• [Action item] Directions for the data below: repeat exactly the lines from the one with "- Eye Catching" through the one with "Click the context", both included, and omit all pictures.

..........

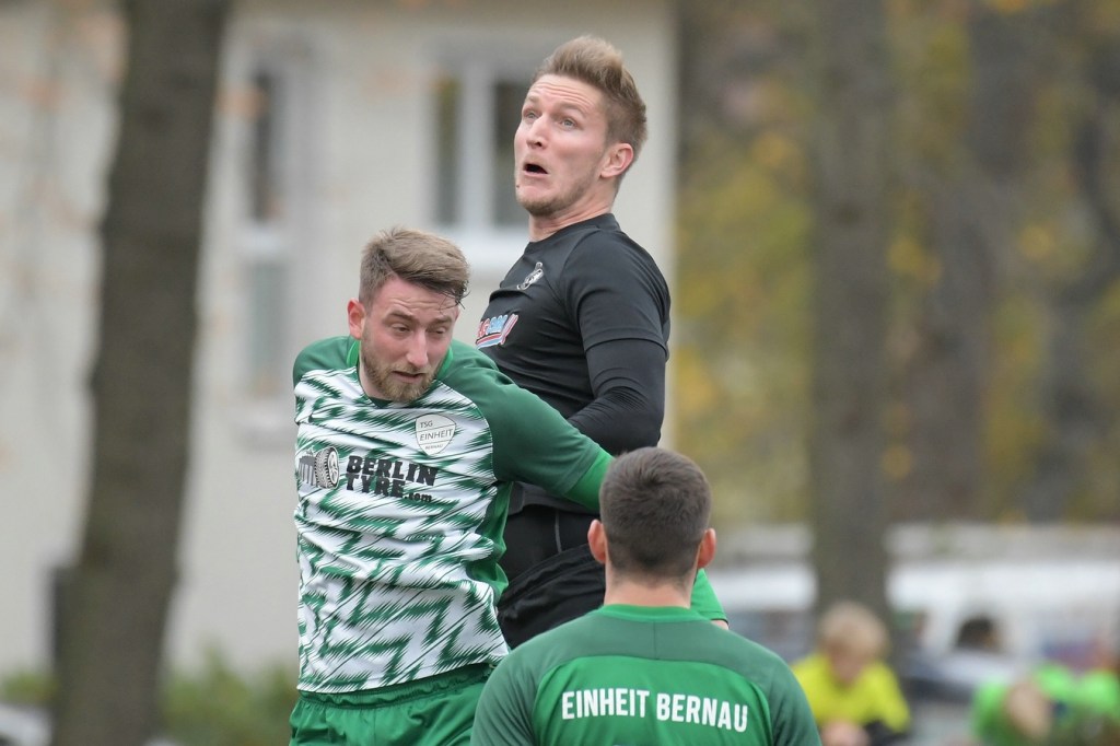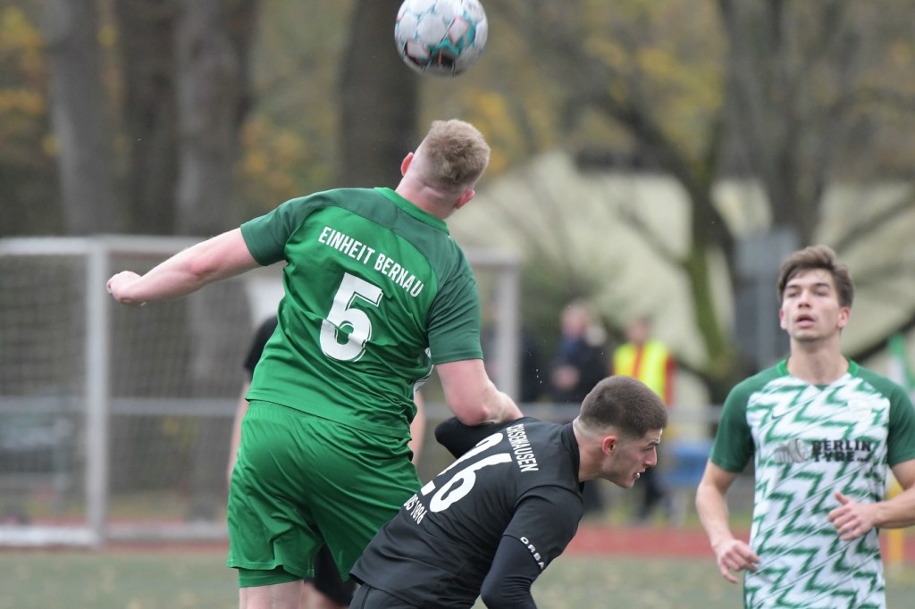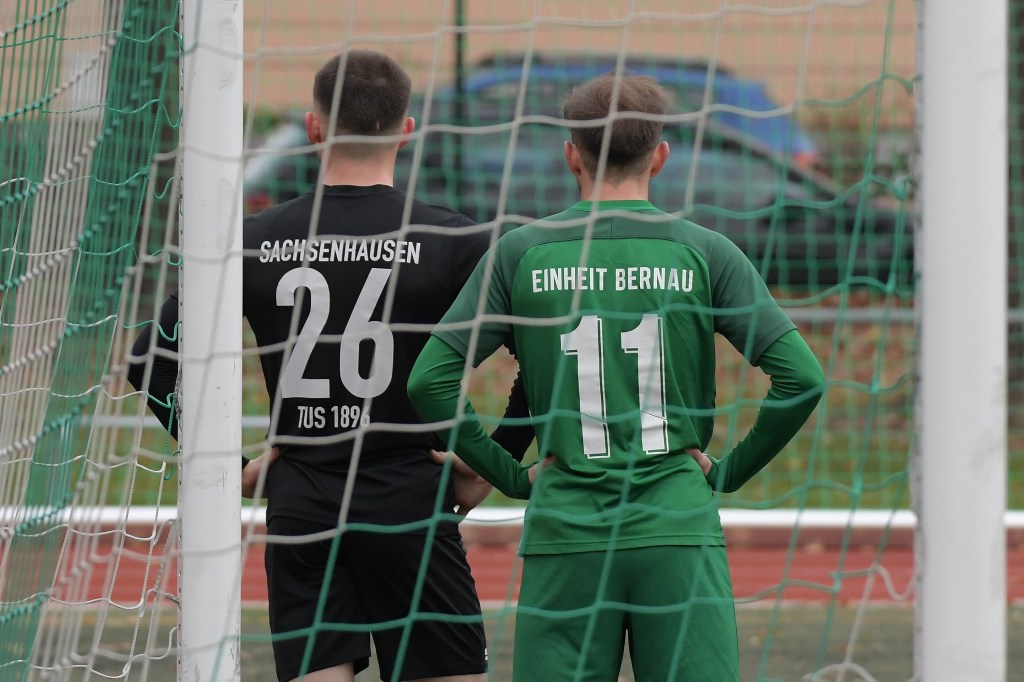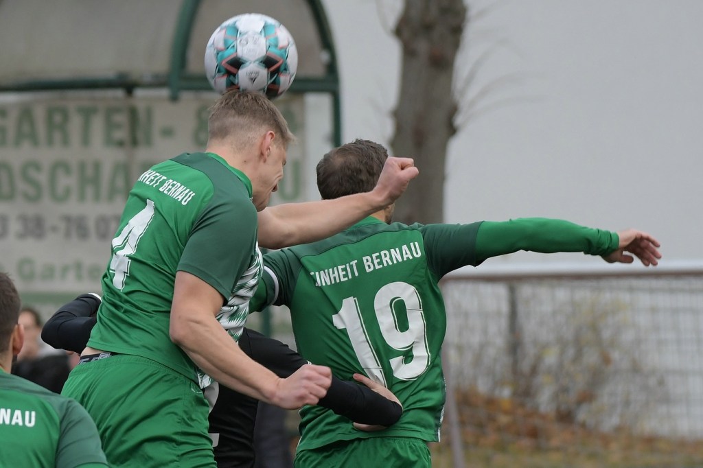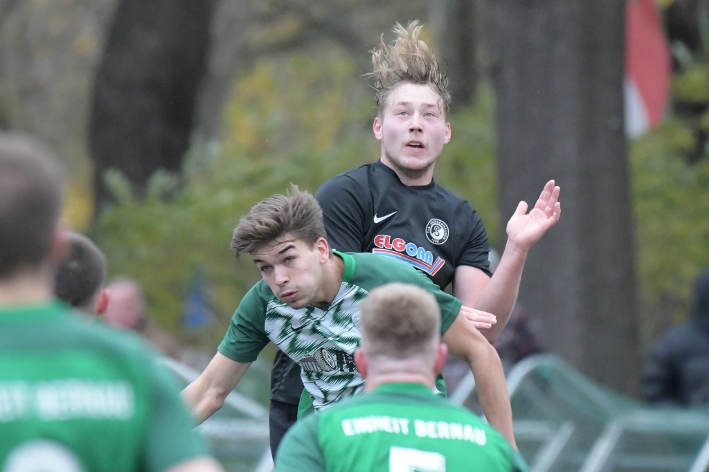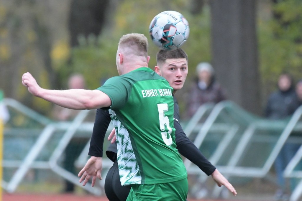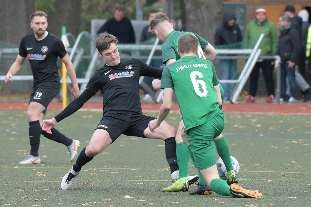 „Der Tabellenführer, die Stars von Morgen, die TSG Einheit Bernau“, so begann der Stadionsprecher seine Offerte zum Spitzenspiel in der Brandenburgliga und sorgte damit schon bei einigen Anwesenden für ein grinsendes Kopfschütteln. Das was dann aber auf den Anpfiff des Berliner Schiedsrichters Sebastian Hornig folgte, war Spitzenfußball ‚par excellence‘. Es wurde eine Begegnung zweier Teams, welche mit absolutem Recht das Prädikat „Oberstes Regal der Liga“ tragen dürfen. Aufwärmphase war für beide Vertretungen ein Fremdwort, die Visiere wurde sofort heruntergelassen und Vollgas gegeben. Rasse, Leidenschaft, spielerische Intelligenz und körperliches Knowhow waren die Attribute, die das Spiel prägten, welches keine Sekunde Unaufmerksamkeiten erlaubte. Mit der eigentlich ersten Möglichkeit für die Hausherren fiel auch das 1:0. Torschütze war Frederick Fiebig, der von der rechten Strafraumecke per Flachschutz im langen Eck einnetzte (6.). Artur Sajfutdinov hatte dann zwei Minuten später den nächsten Treffer auf dem Fuße. Doch in der Vorbereitung dazu, als er versuchte in eine noch bessere Position zu kommen, verhaspelte er sich etwas und sein Schuss ging dann doch recht eindeutig am Gästekasten vorbei. Ein Einwurf und einer daraus folgenden Flanke in den Fünfer der Hausherren brachte den Ausgleich zum Tragen. Christopher Groll, als Kopfball-Torschütze wird sich schon etwas gewundert haben, dass er so frei zwischen zwei Abwehrspielern zum Abschluss kam (10.). Wenn die Begegnung nicht auf Kunstrasen stattgefunden hätte, wäre das oft zitierte „Grasfressen“ viel passender gewesen. Gerade im Mittelfeld wurde kein Zentimeter preisgegeben. Beide Mannschaften lebten dabei vom Teamgeist und bewiesen in vielen Aktionen, dass im modernen Fußball, neben der Qualität auch diese Tugend extrem an Gewicht gewonnen hat. Ein langer Ball in der 23. Minute bereitete dann die erneute Führung der Hausherren vor. Die Kugel, welche an der Strafraumkante aufsetzte und im Handling damit die TuS-Abwehr schlecht aussehen ließ, brachte Maximilian Walter in die Position mit einen Heber Sachenhausens Keeper Nick Schrobback viel umjubelt zu überwinden. Obwohl die Begegnung in der Folge nur noch ein paar Halbchancen in der Präsentation hatte, blieb das Niveau weiterhin im oberen Level. Von TuS-Torgarant Andor Müller war nicht viel sehen, der zwar viel versuchte, aber im ersten Durchgang recht glücklos agierte. Ein Gästekopfball, den Bernaus Sam-Rene Bartz auf der Linie stehend in letzter Konsequenz entschärfte, beendete dann die erste Halbzeit (47.).
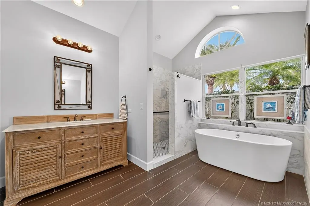 Breakfast Area, Bathtub, Dual Sinks, High Ceilings, Kitchen Island, Split Bedrooms, Separate Shower, Walk-In Closet(s)
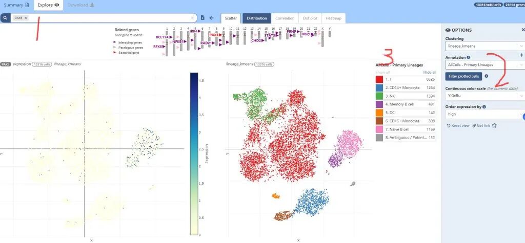 Human expression data模块下外周血基因表达探索:在跳转界面中输入目的基因,选择注释类型,然后查看不同注释细胞类型。
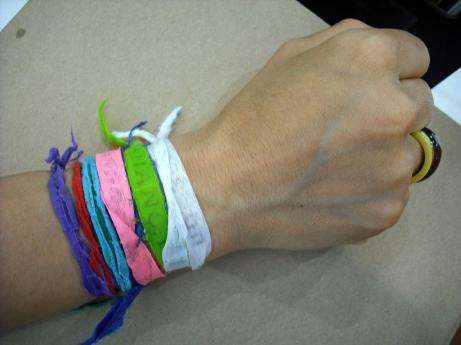 que l’on attache au poignet en faisant 3 nœuds correspondant à trois
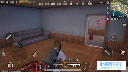 在进入游戏之后,游戏的左上方会显示剩余玩家数量与击败敌人数。通过这项数据,我们可以直观地判断自身需要以怎样的战术稳定吃鸡。 在屏幕的左下角,可以进行左手射击、摇杆控制以及查看背包。这些操作都是显而易见的,大多数玩家习惯使用右手射击,但是在一些特定的情况下,选择右手射击还需要移动枪械准星,这时运用左手射击更方便。摇杆控制灵活度大,其可以让玩家操纵角色向四面八方移动。而查看背包不仅仅是为了观察自己拾取了哪些物资,在查看的过程中,可以将一些占空间的物资丢掉或将一些有用的配件装备到枪械上。
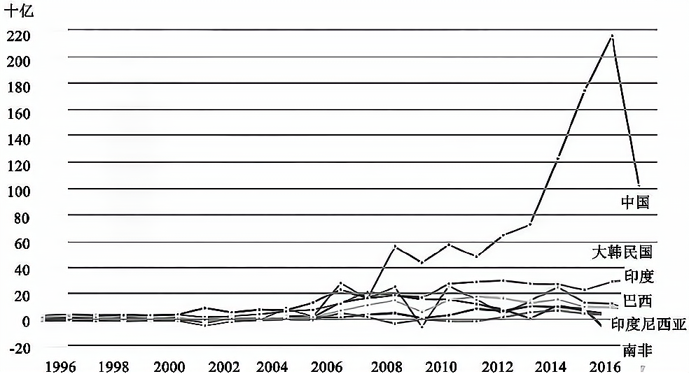 2000—2016年部分新兴市场国家对外投资(outward FDI,current US$)
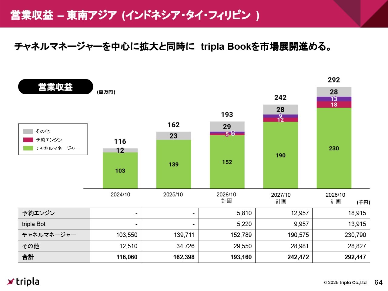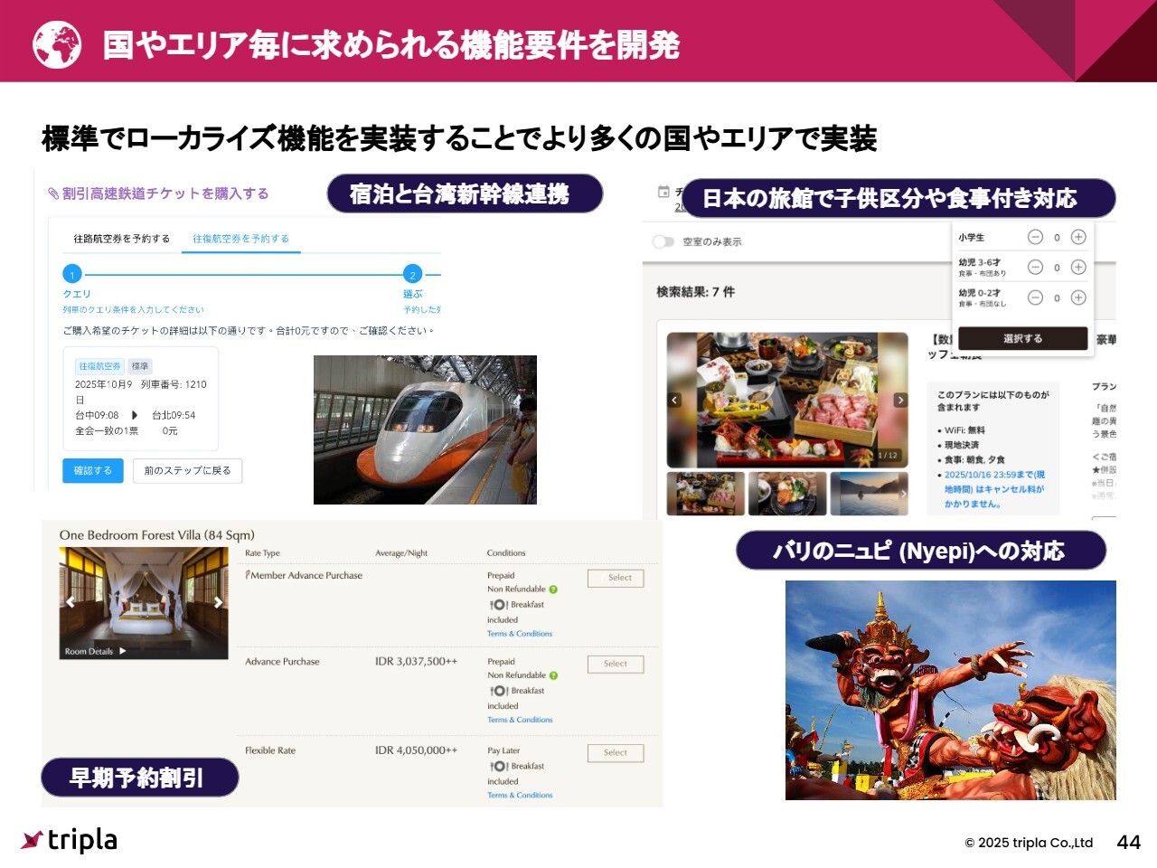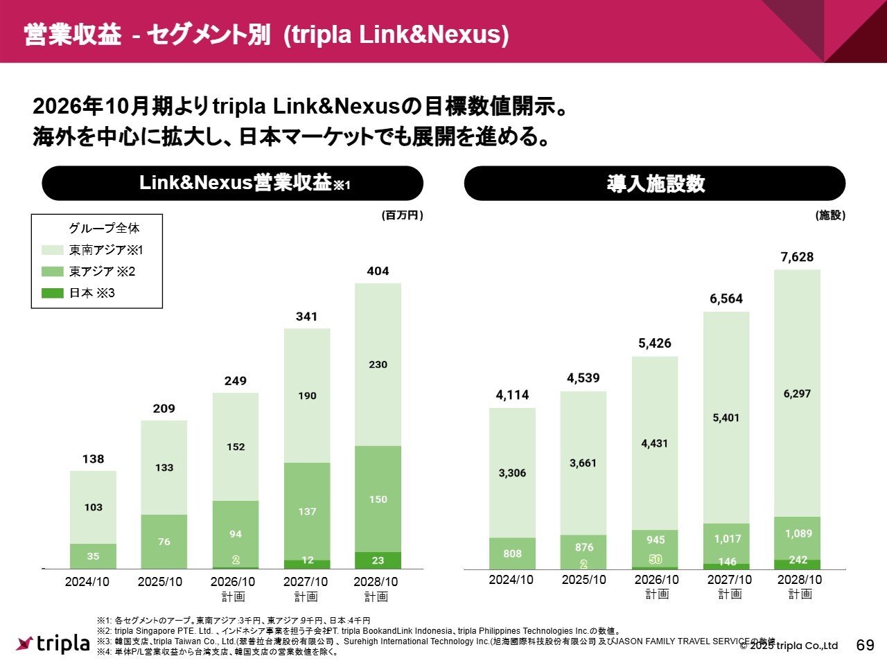 実際に、韓国、台湾は非常に伸びてきていると感じています。台湾では、Surehigh社の「EZ HOTEL」というサービスがありましたが、これは非常に古いサービスでした。これを「tripla Book」に置き換えることで、売上が伸びているところもあります。このような状況を踏まえ、台湾や韓国の市場で拡販を進めています。
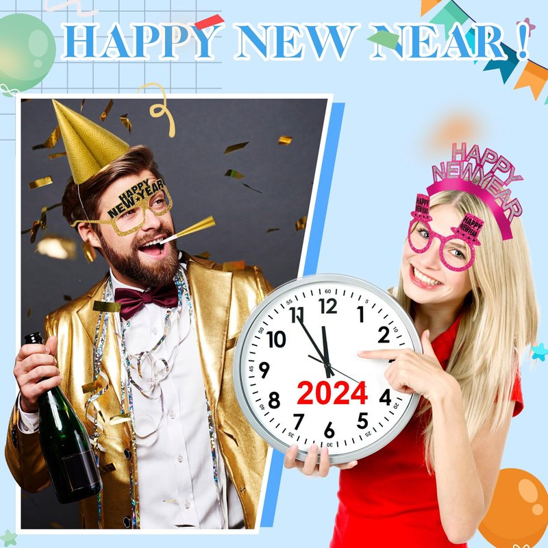 - Eye Catching Design: equipped with [Happy New Year] design in vibrant colors of blue, gold, green, purple, red, and a rose red flashing headdress, our happy new year props are bound to be the center of attention; The colorful eyeglasses are crafted to add more fun to your New Year party
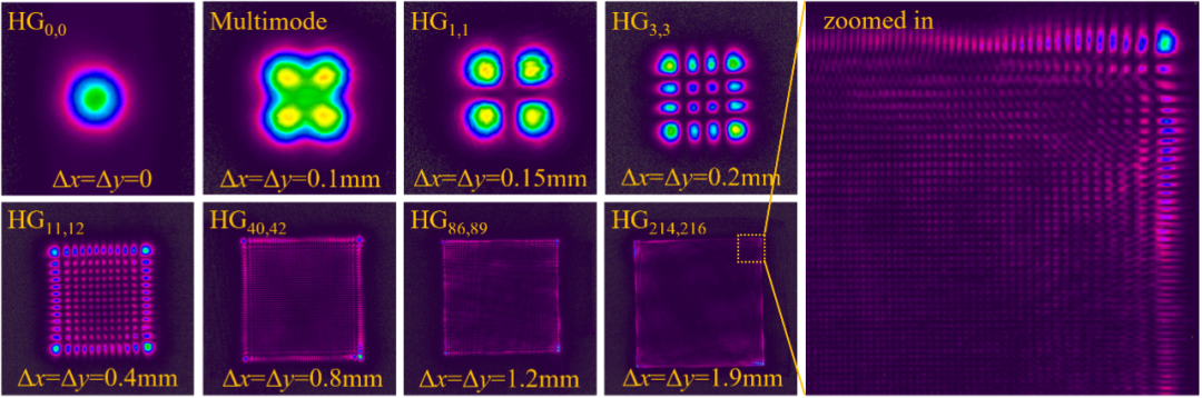 实验中模式阶次随泵浦光位置的变化规律与基于交叠积分计算得到理论预期一致。当878.6 nm泵浦光功率2 W时,1064 nm Nd:YVO4激光器在Δx=Δy=1.9 mm(~13.6倍基模光斑半径)时实现了最高达HG214,216的超高阶输出。HG214,216的阈值仅为1.74 W,斜效率为13.4%。这是首次实现超高阶的二维HG模式光束,也是主动方法产生的最高阶模式激光(HGm,n模式阶数N=m+n,LGp,l 模式阶数N=2p+l,此前公开报道中主动方法产生的最高阶模式激光为该课题组利用腔内球差选模产生的LG0,355)。
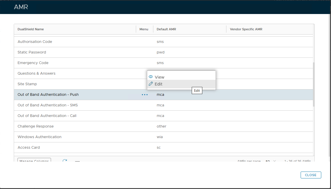 Click the context menu of "Out of Band Authentication - Push" and select "Edit"
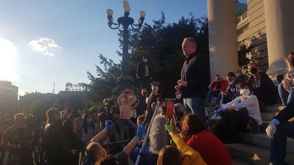 Неколико минута после 18 часова, у време полицијског часа, када је на снагу ступила забрана кретања која ће трајати до суботе у 5 ујутру, лидери дела опозиционих политичких странака окупили су се у знак протеста испред Народне скупштине у Београду. Они су, како тврде, тиме желели да скрену пажњу на незаконит рад Председника Србије, Скупштине и Владе, који су својом вољом незаконито и у супротности са Уставом увели ванредно стање, а такоже да укажу на бесмисао најдужег полицијског часа који је усвојила Влада, а већ наредног дана, примењује потпуно лабаве мере, а све то је како тврде лидери партија у циљу припрема за скоре изборе.
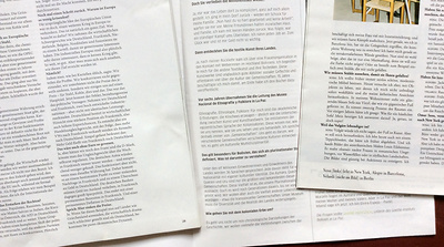 Was ist bei der typografischen Gestaltung von Interviews zu beachten? In der Regel unterhalten sich verschiedene Personen, meistens zwei. Davon stellt die eine die Fragen, die andere antwortet. Beide haben auch unterschiedliche Stimmen, Temperamente, Ausdrucksweisen usw.. Grund genug, die beiden auch typografisch auseinanderzuhalten. Aber es ist ein Gespräch, der Fluss der Unterhaltung muss gewahrt bleiben. Hier sind neben den Leerzeilen auch der allzu große Unterschied zwischen dicker und dünner Schrift störend. Auf dem Foto ist links die Zeitschrift Galore zu sehen. Eine reine Interview-Zeitschrift. Schlicht, aber gut gemacht, die Unterhaltung wird nicht gestört. Rechts das ZEIT Magazin mit eingerückten Antworten – auch gut zu lesen. Beide kommen übrigens mit kleinerer Schrift aus und sind dennoch sehr gut lesbar.
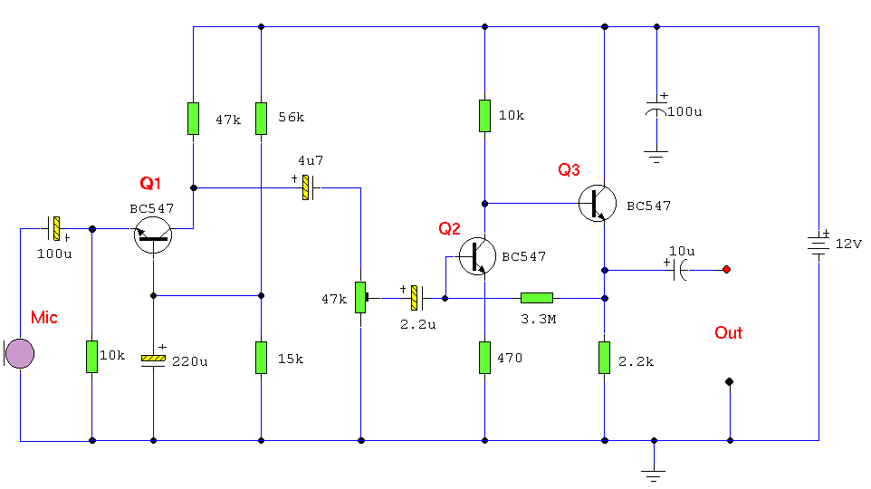 This is a 3 stage discrete amplifier with gain control. Alternative transistors such as BC109C, BC548, BC549, BC549C may be used with little change in performance. The first stage built around Q1 operates in common base configuration. This is unusuable in audio stages, but in this case, it allows Q1 to operate at low noise levels and improves overall signal to noise ratio. Q2 and Q3 form a direct coupled amplifier, similar to my earlier mic preamp.

..........

• [Reply to the task]
 - Eye Catching Design: equipped with [Happy New Year] design in vibrant colors of blue, gold, green, purple, red, and a rose red flashing headdress, our happy new year props are bound to be the center of attention; The colorful eyeglasses are crafted to add more fun to your New Year party
 实验中模式阶次随泵浦光位置的变化规律与基于交叠积分计算得到理论预期一致。当878.6 nm泵浦光功率2 W时,1064 nm Nd:YVO4激光器在Δx=Δy=1.9 mm(~13.6倍基模光斑半径)时实现了最高达HG214,216的超高阶输出。HG214,216的阈值仅为1.74 W,斜效率为13.4%。这是首次实现超高阶的二维HG模式光束,也是主动方法产生的最高阶模式激光(HGm,n模式阶数N=m+n,LGp,l 模式阶数N=2p+l,此前公开报道中主动方法产生的最高阶模式激光为该课题组利用腔内球差选模产生的LG0,355)。
 Click the context menu of "Out of Band Authentication - Push" and select "Edit"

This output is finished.